A positive ion is a cluster ion in which a plurality of water molecules are attached around a hydrogen ion (H ⁺ ), and is represented as H ⁺ (H ₂ O) m (where m is an arbitrary natural number). The negative ion is a cluster ion in which a plurality of water molecules are attached around an oxygen ion (O ₂ ⁻ ), and is represented as O ₂ ⁻ (H ₂ O) n (where n is an arbitrary natural number). .

  Moreover, when positive ions and negative ions are released into the room, both ions surround mold fungi and viruses floating in the air and cause a chemical reaction with each other on the surface. Suspended fungi and the like are removed by the action of the active species hydroxyl radical (.OH) generated at that time.

(Action / Effect)
As described above, in ion generator 100 according to the present embodiment, a transformer drive circuit is connected to the primary winding of the step-up transformer, and an ion generating element that generates positive ions and negative ions are generated in the secondary winding of the step-up transformer. A configuration in which two or more sets of ion generating elements are connected to each other is adopted.

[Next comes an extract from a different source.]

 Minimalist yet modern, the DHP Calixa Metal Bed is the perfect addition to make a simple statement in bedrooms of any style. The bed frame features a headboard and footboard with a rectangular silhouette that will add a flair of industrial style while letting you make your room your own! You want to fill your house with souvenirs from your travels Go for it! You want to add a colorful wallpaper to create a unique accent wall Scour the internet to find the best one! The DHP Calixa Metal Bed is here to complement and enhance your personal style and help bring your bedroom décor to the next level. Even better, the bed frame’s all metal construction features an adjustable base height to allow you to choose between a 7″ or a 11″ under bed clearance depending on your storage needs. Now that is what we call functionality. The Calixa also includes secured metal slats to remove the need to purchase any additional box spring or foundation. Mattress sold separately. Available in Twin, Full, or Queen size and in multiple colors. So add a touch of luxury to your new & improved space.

  More specifically, in the transformer drive circuit C1, the secondary winding 131b of the step-up transformer 131 includes a set of an ion generating element 11 that generates positive ions and an ion generating element 13 that generates negative ions, and positive ions. Two sets of ion generating elements, ie, an ion generating element 12 that generates ions and an ion generating element 14 that generates negative ions, are connected.

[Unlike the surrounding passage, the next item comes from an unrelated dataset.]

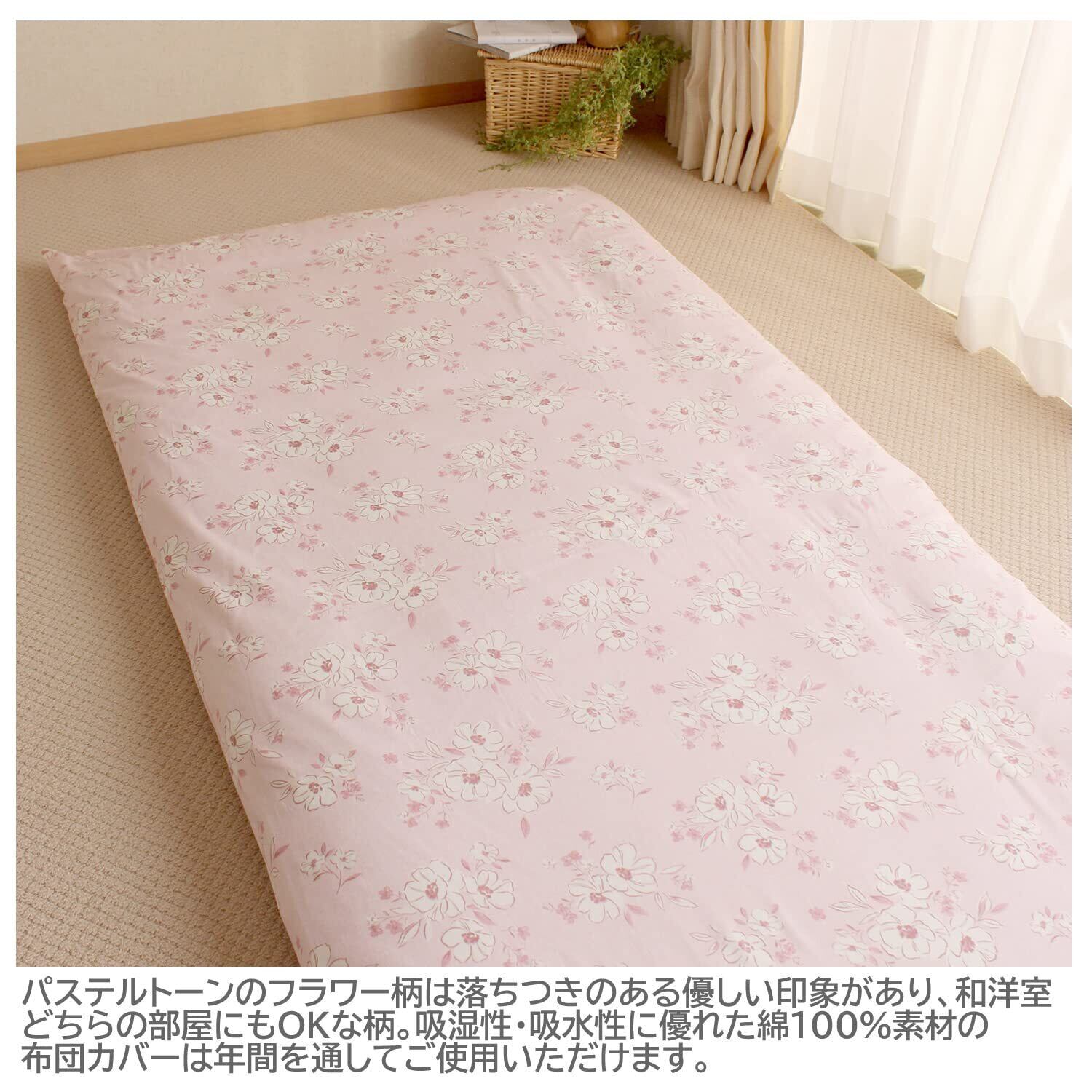 メリーナイト 敷き布団カバー 「アネモネ」 ピンク シングル 約105×205cm 綿100% 吸湿性 通気性 心地よい肌触り オールシーズン 洗える CT13013-16

  Also in the transformer drive circuit C2, the secondary winding 231b of the step-up transformer 231 includes a set of an ion generating element 23 that generates positive ions and an ion generating element 21 that generates negative ions, and ions that generate positive ions. Two sets of ion generating elements, that is, a generating element 24 and a set of ion generating elements 22 that generate negative ions, are connected.

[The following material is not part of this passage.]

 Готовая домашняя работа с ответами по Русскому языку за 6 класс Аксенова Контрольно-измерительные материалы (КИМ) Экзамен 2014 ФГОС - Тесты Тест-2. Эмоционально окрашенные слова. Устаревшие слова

  Thereby, eight ion generating elements (a total of four sets of ion generating elements) can be arranged at a predetermined interval at a desired position as shown in FIG. In addition, since one step-up transformer is used for four ion generating elements, it is possible to relax restrictions on the position of the step-up transformer. In addition, it is possible to reduce circuit parts including reduction of electric wires, halving of power consumption, and halving of the step-up transformer, and it is possible to reduce the cost required for manufacturing the ion generator.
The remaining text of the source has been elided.